Copy out the data word for word. The images are not part of the copy.

Supplied records section start

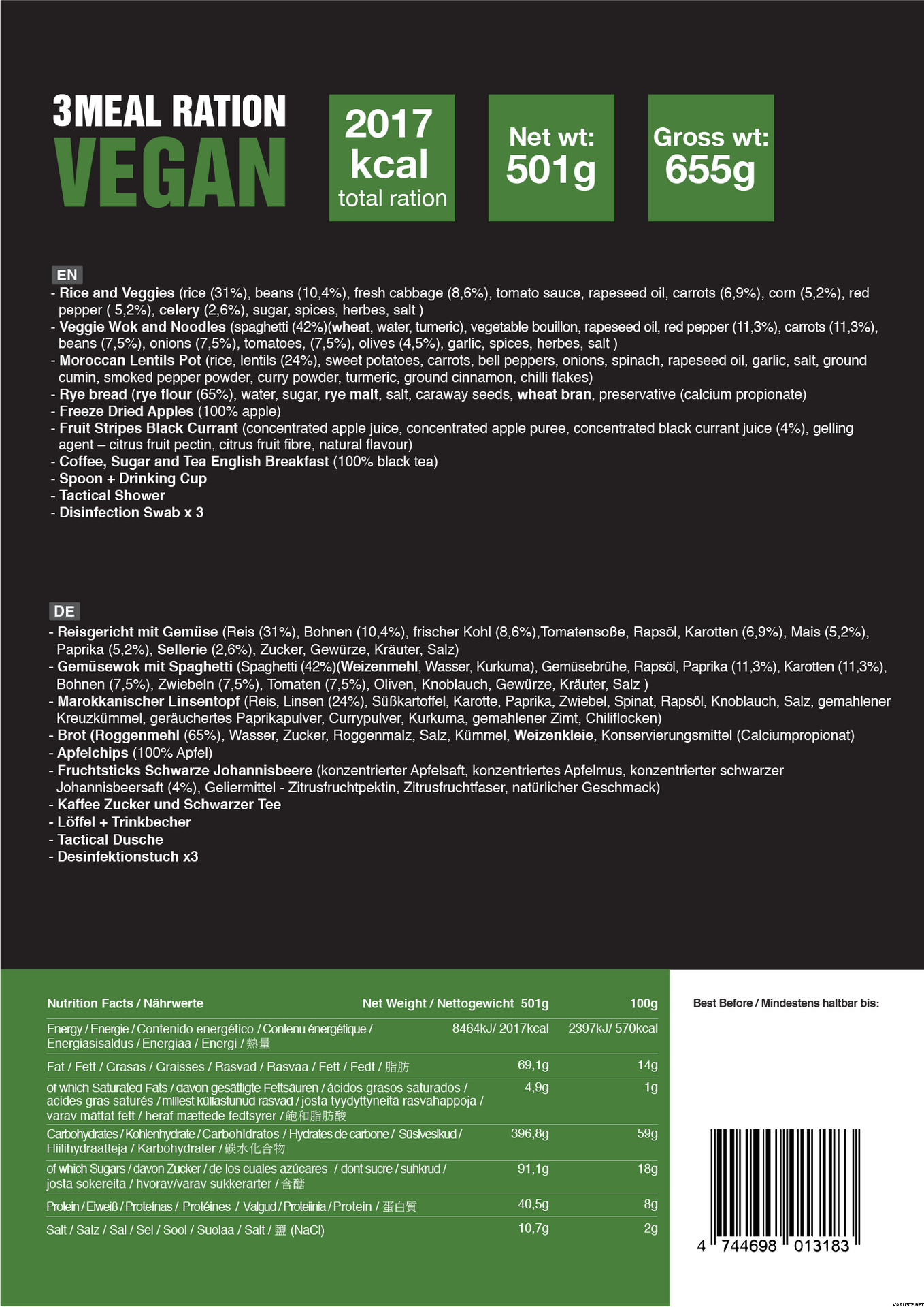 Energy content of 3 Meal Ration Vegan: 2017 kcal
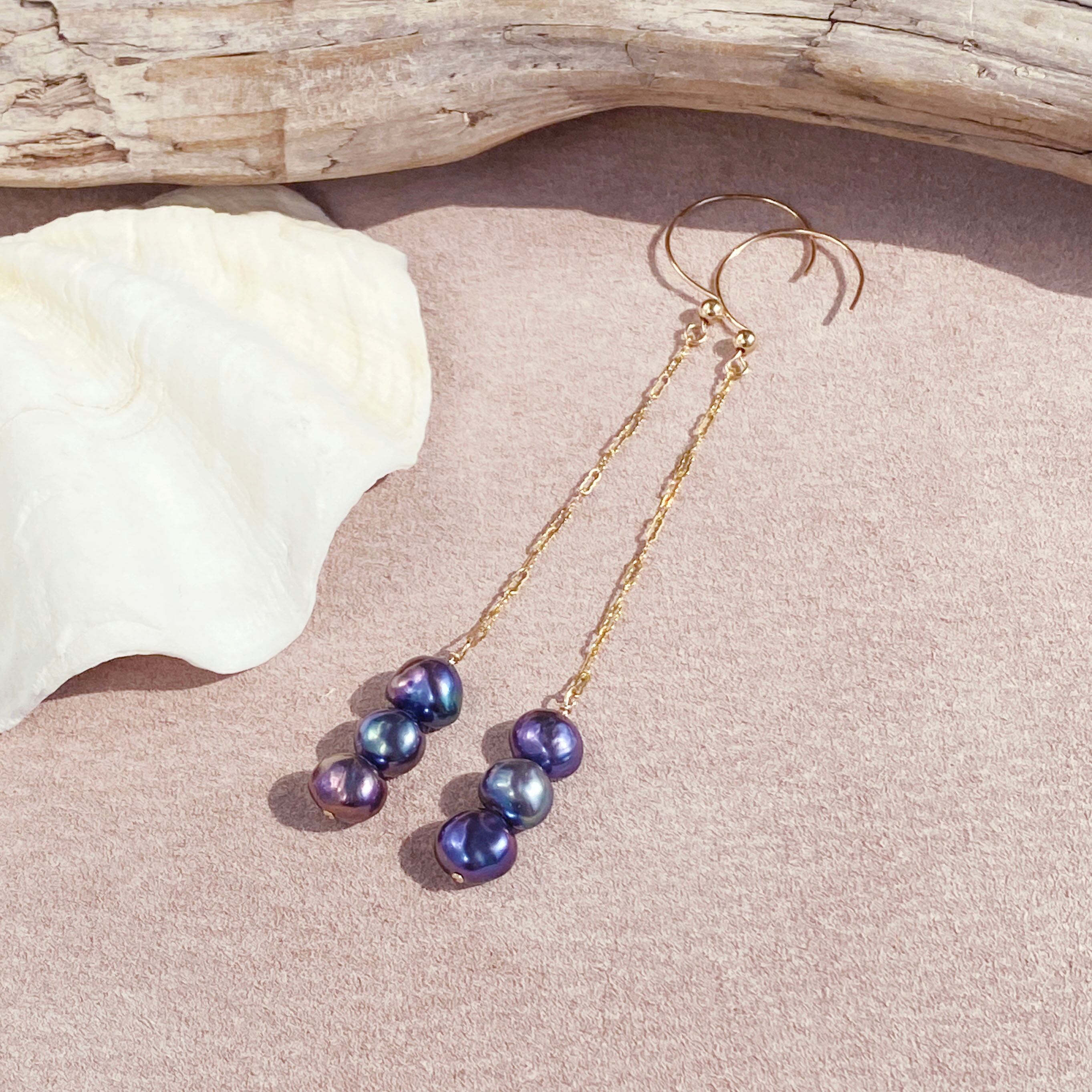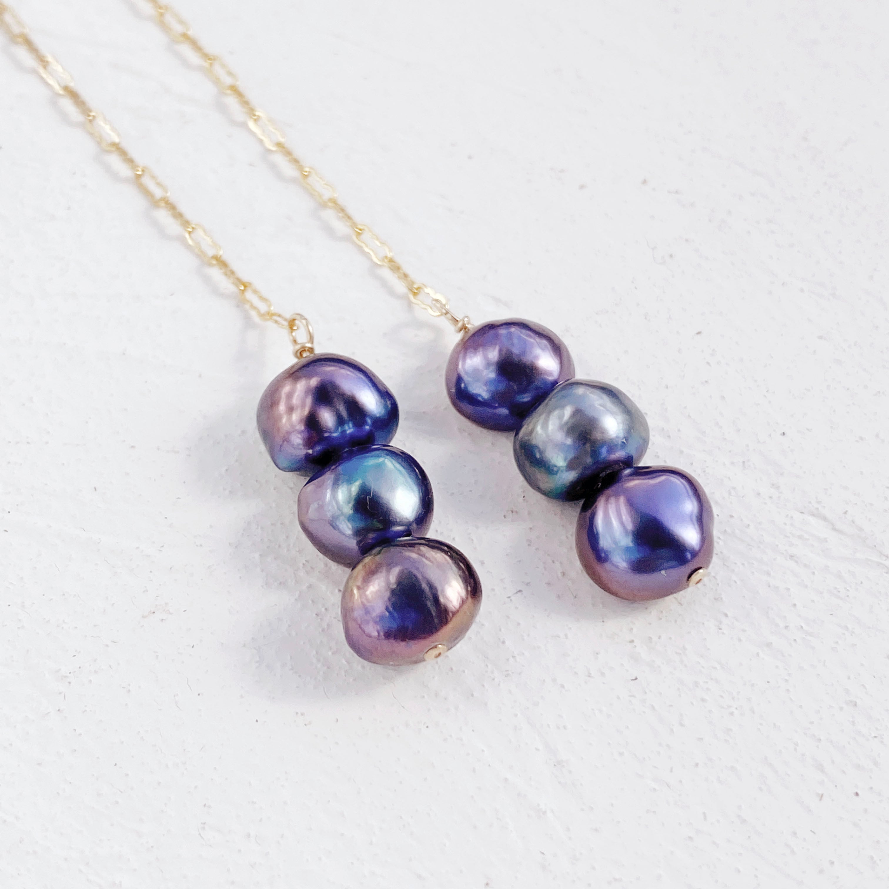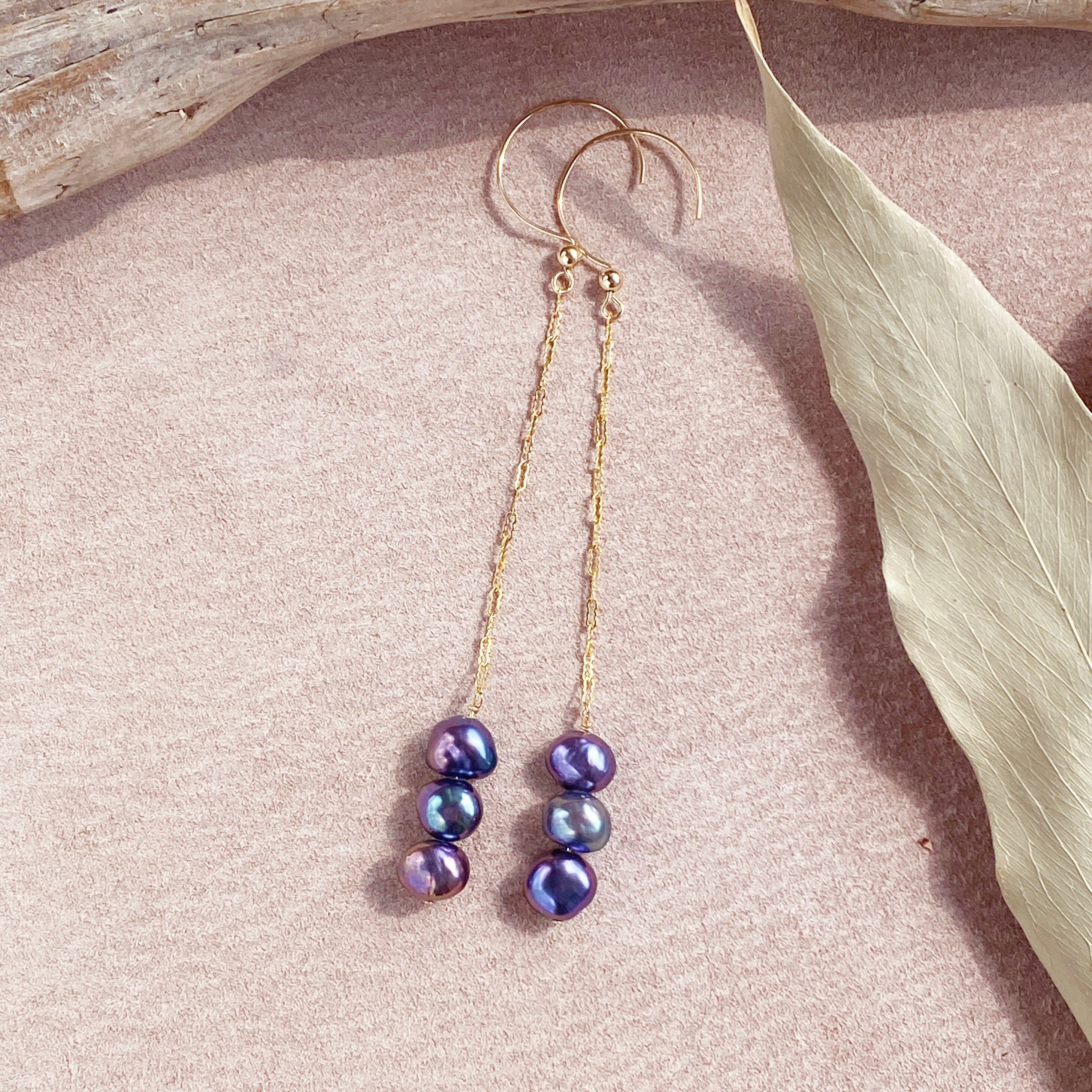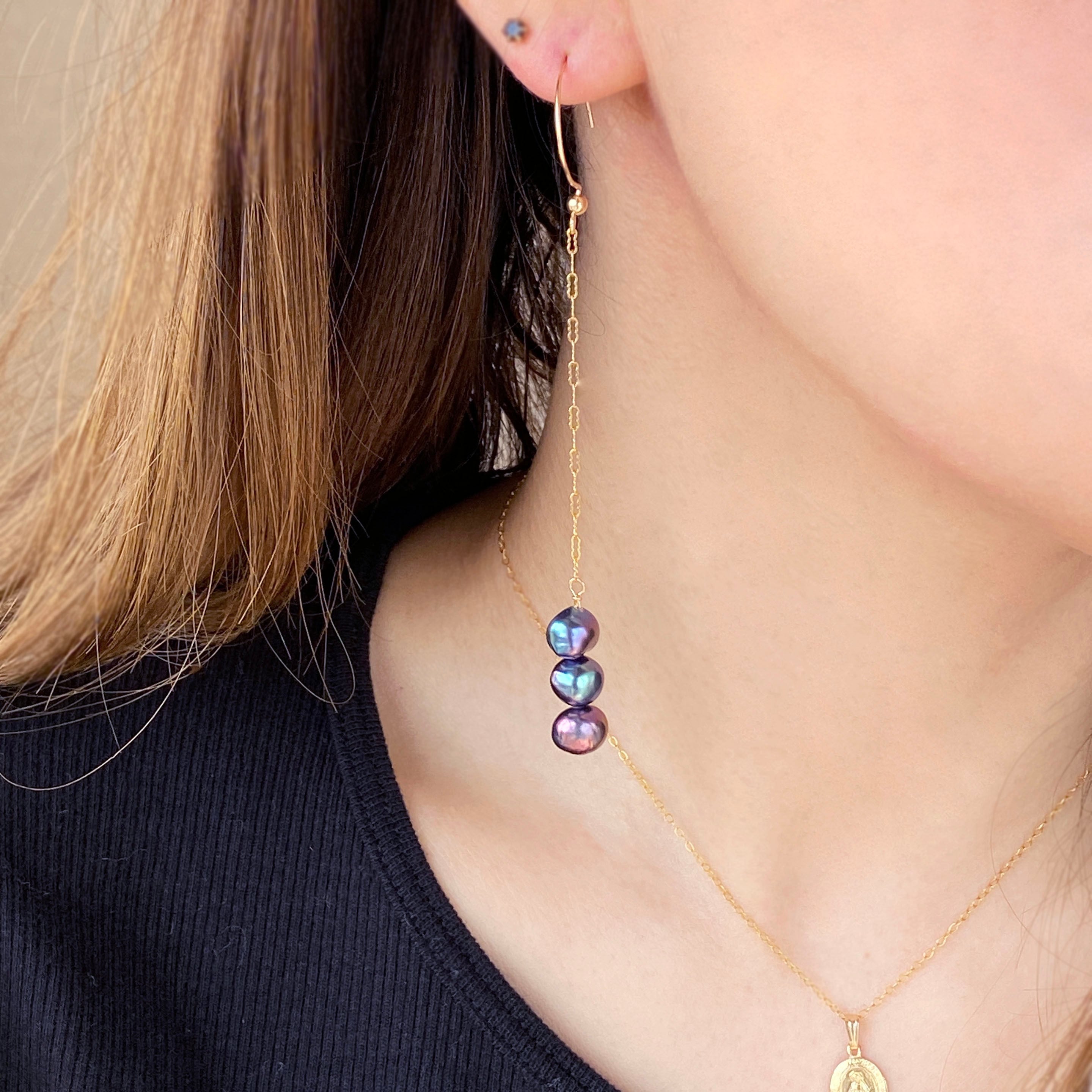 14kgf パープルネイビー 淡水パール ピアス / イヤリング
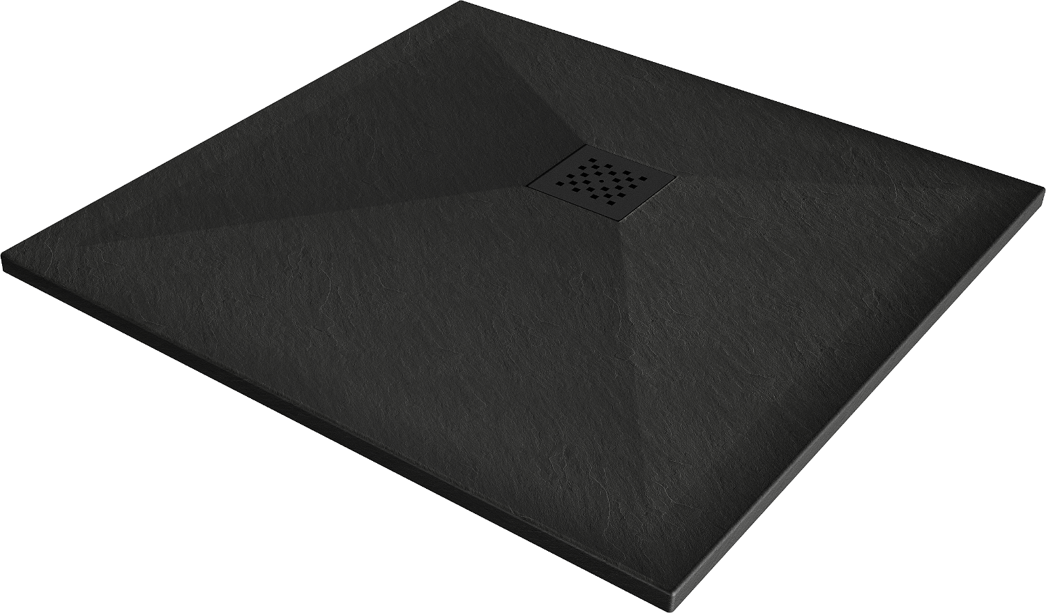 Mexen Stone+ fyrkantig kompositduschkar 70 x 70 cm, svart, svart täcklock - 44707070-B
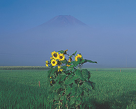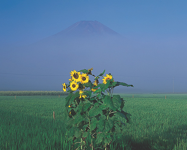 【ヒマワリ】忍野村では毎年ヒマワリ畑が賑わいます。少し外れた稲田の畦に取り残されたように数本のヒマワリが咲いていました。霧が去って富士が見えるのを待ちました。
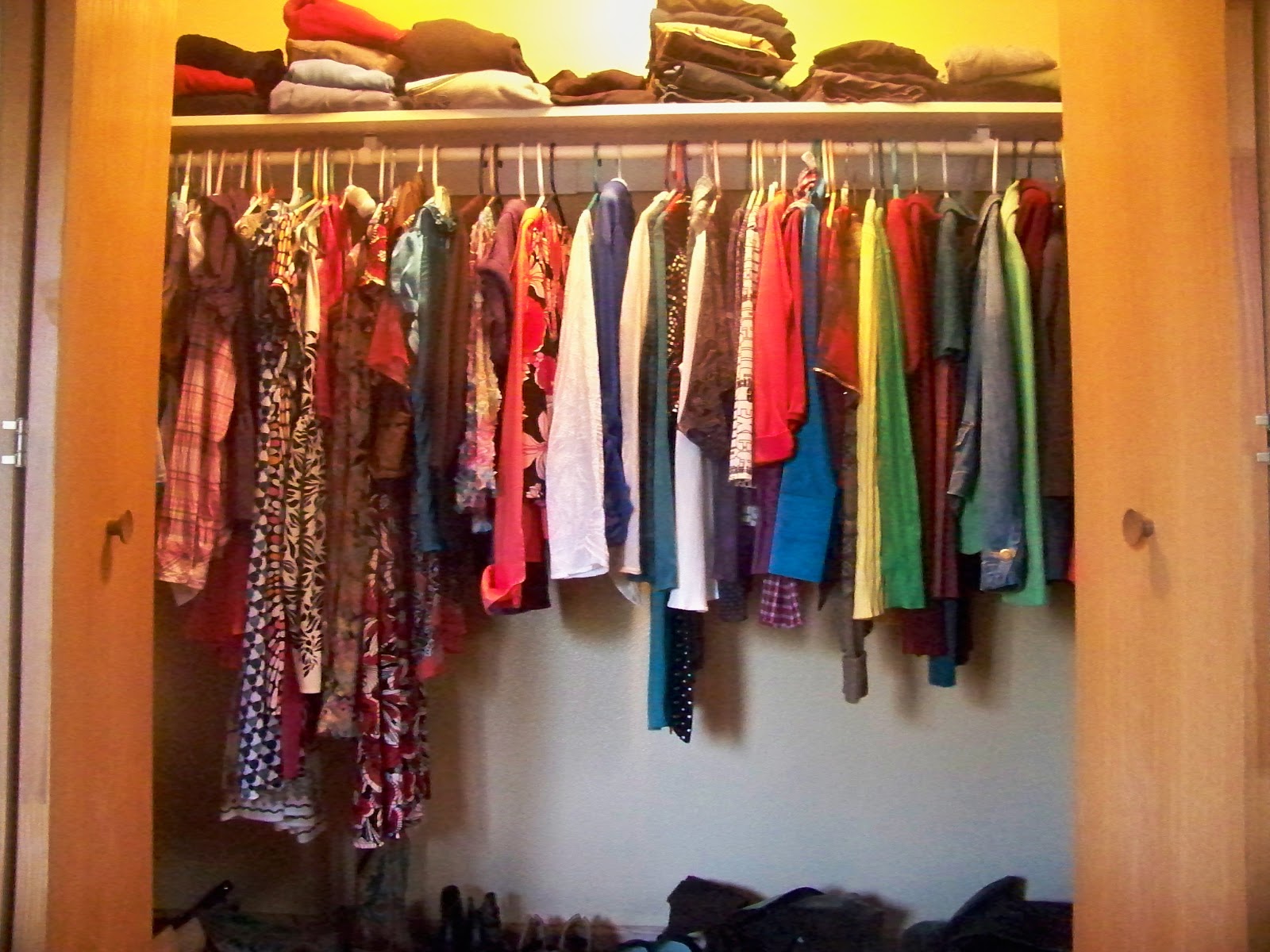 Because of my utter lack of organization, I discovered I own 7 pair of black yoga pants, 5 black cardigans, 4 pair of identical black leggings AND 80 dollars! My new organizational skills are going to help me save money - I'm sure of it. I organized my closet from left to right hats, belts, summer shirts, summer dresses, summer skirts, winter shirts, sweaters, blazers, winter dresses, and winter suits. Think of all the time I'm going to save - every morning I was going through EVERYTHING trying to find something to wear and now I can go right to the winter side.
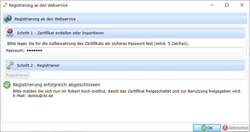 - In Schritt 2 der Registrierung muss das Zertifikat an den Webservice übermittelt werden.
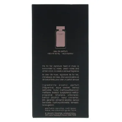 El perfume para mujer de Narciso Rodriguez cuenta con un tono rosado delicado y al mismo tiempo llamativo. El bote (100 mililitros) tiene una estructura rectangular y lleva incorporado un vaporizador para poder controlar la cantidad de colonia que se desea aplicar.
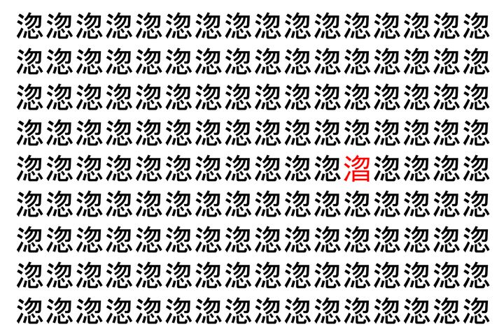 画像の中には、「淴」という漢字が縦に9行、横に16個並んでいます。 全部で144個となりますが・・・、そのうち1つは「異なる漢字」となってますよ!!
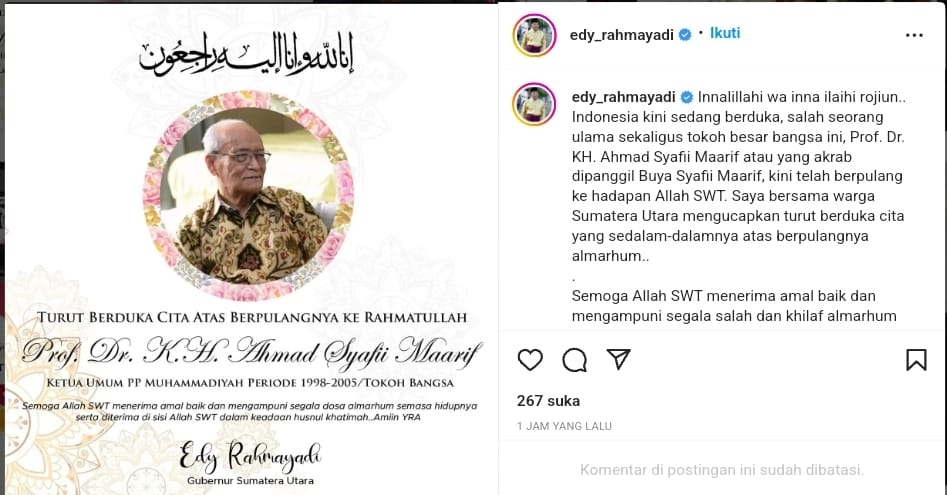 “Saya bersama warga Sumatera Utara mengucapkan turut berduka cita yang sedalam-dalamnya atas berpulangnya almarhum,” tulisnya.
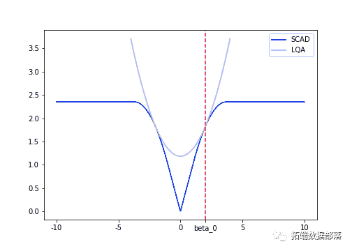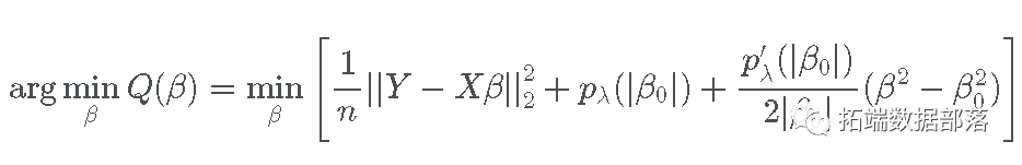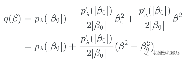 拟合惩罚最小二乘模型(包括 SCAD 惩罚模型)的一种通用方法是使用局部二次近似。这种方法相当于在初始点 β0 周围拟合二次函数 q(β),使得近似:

Supplied records section end

== Exercise answer ==
 Energy content of 3 Meal Ration Vegan: 2017 kcal
 14kgf パープルネイビー 淡水パール ピアス / イヤリング
 Mexen Stone+ fyrkantig kompositduschkar 70 x 70 cm, svart, svart täcklock - 44707070-B
 【ヒマワリ】忍野村では毎年ヒマワリ畑が賑わいます。少し外れた稲田の畦に取り残されたように数本のヒマワリが咲いていました。霧が去って富士が見えるのを待ちました。
 Because of my utter lack of organization, I discovered I own 7 pair of black yoga pants, 5 black cardigans, 4 pair of identical black leggings AND 80 dollars! My new organizational skills are going to help me save money - I'm sure of it. I organized my closet from left to right hats, belts, summer shirts, summer dresses, summer skirts, winter shirts, sweaters, blazers, winter dresses, and winter suits. Think of all the time I'm going to save - every morning I was going through EVERYTHING trying to find something to wear and now I can go right to the winter side.
 - In Schritt 2 der Registrierung muss das Zertifikat an den Webservice übermittelt werden.
 El perfume para mujer de Narciso Rodriguez cuenta con un tono rosado delicado y al mismo tiempo llamativo. El bote (100 mililitros) tiene una estructura rectangular y lleva incorporado un vaporizador para poder controlar la cantidad de colonia que se desea aplicar.
 画像の中には、「淴」という漢字が縦に9行、横に16個並んでいます。 全部で144個となりますが・・・、そのうち1つは「異なる漢字」となってますよ!!
 “Saya bersama warga Sumatera Utara mengucapkan turut berduka cita yang sedalam-dalamnya atas berpulangnya almarhum,” tulisnya.
 拟合惩罚最小二乘模型(包括 SCAD 惩罚模型)的一种通用方法是使用局部二次近似。这种方法相当于在初始点 β0 周围拟合二次函数 q(β),使得近似:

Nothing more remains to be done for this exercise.